The ITS data set contains sequences from 58 fungal specimens
representing 36 Trechispora taxa (4 new species and another
32 Trechispora taxa). The data set has an aligned length of
753 characters, of which 284 are constant, 72 are variable but
parsimony-uninformative, and 397 are parsimony-informative.
MP analysis yields 13 equally parsimonious trees (TL = 2,318,
CI = 0.398, RI = 0.638, RC = 0.254, and HI = 0.602). The
average SD of split frequencies in BI analyses is 0.006959 (BI). The
phylogenetic tree (Figure 2) reveals four new and independent
lineages represented by our specimens, indicating that they are
phylogenetically distinct from the species currently known in the
genus. In addition, another taxon (Dai 22173 and Dai 22174) is
treated as Trechispora sp.
The combined data set for the molecular clock analysis
includes 100 collections, of which 47 belonged to Trechisporales.

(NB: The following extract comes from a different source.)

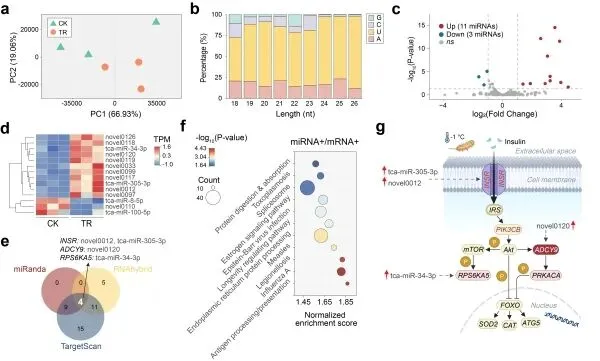 图6 谷斑皮蠹耐寒性的潜在miRNA调控网络。 a 低温胁迫(TR)与对照(CK)条件下miRNA图谱的主成分分析;b 已知miRNA与 novel miRNA在不同序列长度下的首位核苷酸偏好性分布;c 差异表达miRNA(DEMs)火山图(|log2FoldChange|>1,padj<0.05);d 显著差异表达miRNA的分层聚类热图;e 基于miRanda、RNAhybrid与TargetScan预测寿命调节通路中miRNA靶标的韦恩图;f 上调差异表达miRNA及其靶基因的联合KEGG通路富集分析(padj<0.05,q<0.05)。g 低温胁迫下胰岛素信号与寿命通路潜在调控网络示意图;经RNAi验证对低温存活或发育有显著影响的基因以红色标注(红框:ADCY9;红色字体:INSR, PIK3CB);虚线箭头表示预测的miRNA-靶基因互作关系。

This data set results in a concatenated alignment of 1,588
characters with GTR as the best-fit evolutionary model. The
MCC tree is used to study divergence time. The tree shows that
Trechisporales occurs in a mean stem age of 270.85 Mya with
a 95% highest posterior density (HPD) of 234.1–307.93 Mya
(Figure 3). The tree also shows that the Sistotremastrum family
and Hydnodontaceae occur in a mean stem age of 224.25 Mya
[posterior probabilities (PP) = 0.8] with a 95% HPD of 182.47–
266.75 Mya.
Taxonomy
Sistotremastrum family
“Type genus”: Sistotremastrum J. Erikss.
Habitat: It grows on rotten angiosperm and
gymnosperm wood.
Basidioma are resupinate, thin, pruinose, or waxy.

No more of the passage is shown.